You can also use stumps, trunks, and limbs to construct checkdams, check logs, and soil stakes, as described earlier in this chapter. Where access is limited and chipping wood is not feasible, you can use the fine branches to build the litter layer. Brush may be temporarily effective in limiting access and discouraging trampling. When depositing brush on a slope to help control erosion, seek to create as natural an appearance as possible, mimicking the appearance of fallen limbs.

Figure 22.27. A brush pile oriented to receive some direct sunlight provides shelter for small creatures.

Figure 22.28. Logs laid on the ground disappear quickly and are excellent seedbeds for planting.

Figure 22.29. The ancient forest is filled with dead wood. Downed trees can be important assets for re-creating historic mixed-age, mixed-species forests.

A brush pile, if well sited with a sunny exposure, provides attractive and relatively safe shelter to wildlife in a small fragment of natural habitat, where small mammals and reptiles are often more visible and easily attacked. Such a shelter is also valuable in reducing mortality in winter and from vandalism. Brush piles also improve long-term soil quality and provide habitat for soil organisms.

To make a brush pile, select a sunny site, preferably away from human activity. Make the pile as compact as possible, placing logs at the bottom on the ground and laying larger limbs across the top to minimize wind damage.

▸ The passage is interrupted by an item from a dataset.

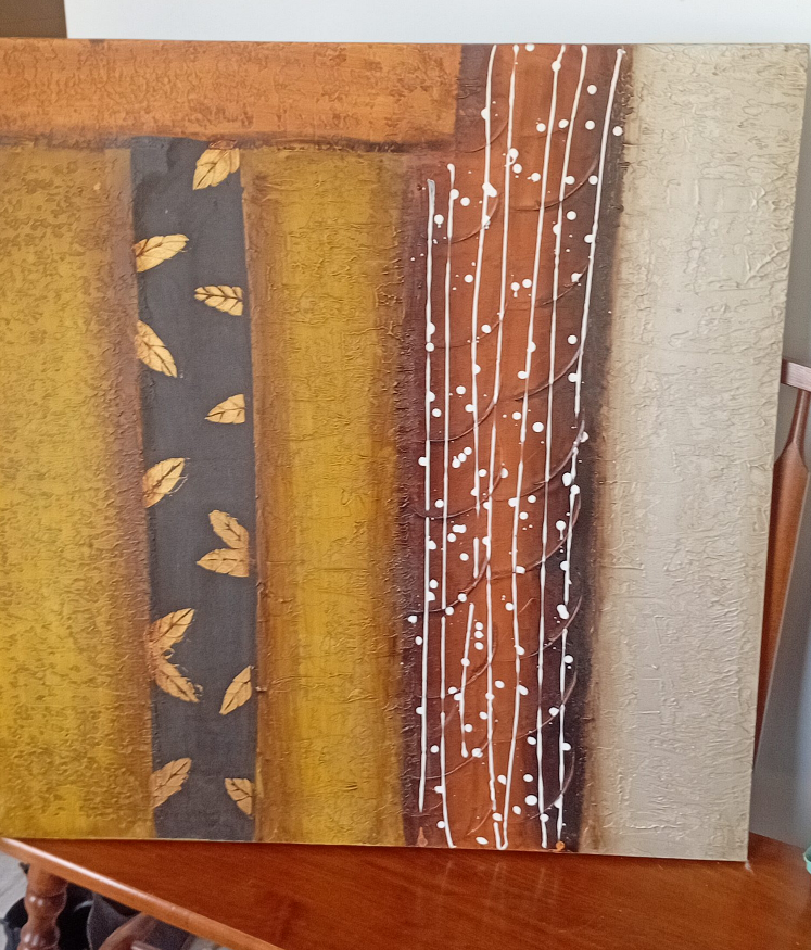 Looking to add a unique piece to your home decor? This abstract canvas art is a great way to bring warmth and visual interest to any room. The blend of earthy tones and textures makes it a versatile piece that can complement various interior styles. It's in great condition and ready to hang!

Where there is a blowdown or other dead tree and you are not constructing a brush pile (Figure 22.27), leave the trunk and root mass in place. You can also partially cut up the branches to provide a higher degree of soil and wood contact. Cut the branches into pieces about 12 to 20 inches long and place them in the vicinity directly on the ground to maximize contact with the soil (Figure 22.28). Leave the stump as a snag if it provides no hazard. The soil mound thrown up by a fallen tree as well as the large log are ideal seedbeds for delicate species. Leave large logs as well to provide another specialized microhabitat (Figure 22.29).